(Note: I asked a similar question at math.stackexchange but the present one is more precise.)
I have a linear program of the form:
$$\text{minimize} \space\space x_1 \space\space \text{subject to:}$$ $$\mathbf{Ax} \ge \mathbf{b} \tag{1}$$
where $\mathbf{A}$ is a $q \times q$ square matrix with entries $a_{i,j} = 0$ if $i \ge j + 2$, $a_{i,j} = -r = -2/3$ if $i = j + 1$, and $a_{i,j} = \binom{j}{i-1}(-1)^{i+j}$ otherwise, $\mathbf{x}^{\intercal}=(x_1,x_2,\ldots,x_q)$, $\mathbf{b}^{\intercal}=(b_1,b_2,\ldots,b_q)$ with $b_1= \frac{2}{3}\binom{n-1}{2}$ and $b_k=\frac{n+1-2k}{3}\binom{q+1}{k-1}$ for $k \ge 2$. The $\mathbf{A}$ matrix is "nearly" triangular.

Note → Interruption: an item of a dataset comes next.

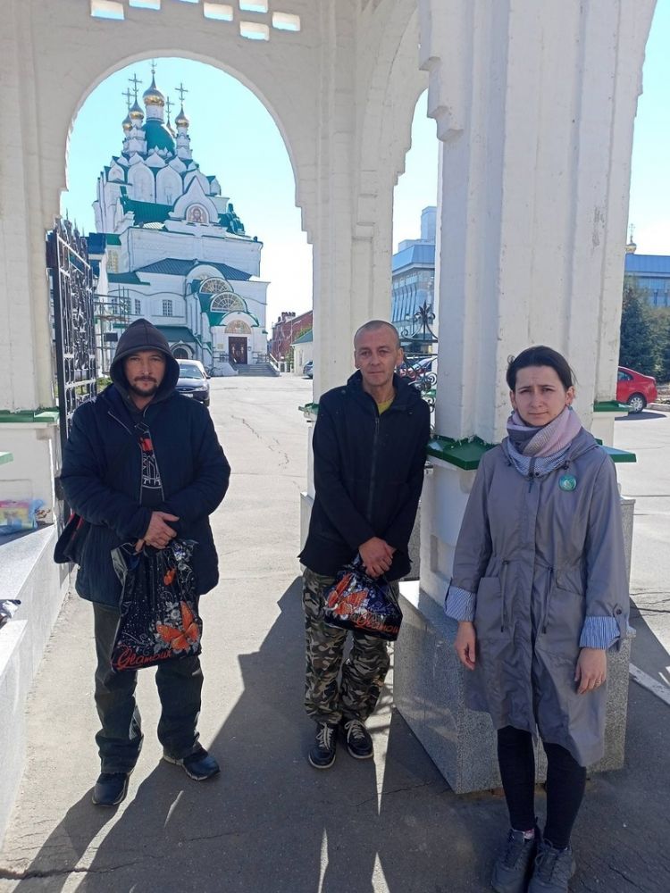 Не обошли православные добровольцы своим вниманием и категорию социально незащищенных людей. Они побывали в «Доме ночного пребывания» г. Йошкар-Олы, для постояльцев которого подготовили пасхальную сценку и вручили подарки. Также ребята объехали церкви города, поздравив с Воскресением Христовым людей, вынужденных просить милостыню, и подарили пакеты с наборами бытовой химии. Люди были очень рады – ведь для них это важная весточка, что они кому-то нужны и кто-то специально для них приготовил подарки.

Background: this problem can be constructed for a separating union-closed family of $n$ sets and a maximum of $q+1$ elements, using the property that $2/3$ of the couples of sets, both non-empty, have at least an element in common (see here). $x_i = \sum_{S \in \mathcal{P}([q+1]), |S|=i} \binom{f(S)}{2}$, and $f(S)=|\{T \in \mathcal{F}: S \subseteq T\}|$, and we assume that there is no element in at least $n/2$ sets.
My question: Is it possible to solve $(1)$ analytically and get a closed form for the minimum as a function of $n$ and $q$? And in particular, when is it possible to say that $\min x_1 = (1,0,\ldots,0)\mathbf{A}^{-1}\mathbf{b}$?
I read about Fourier–Motzkin elimination but I can't see how to apply it analytically. I think also that a direct elimination starting from the last inequality is made difficult due to the alternating signs.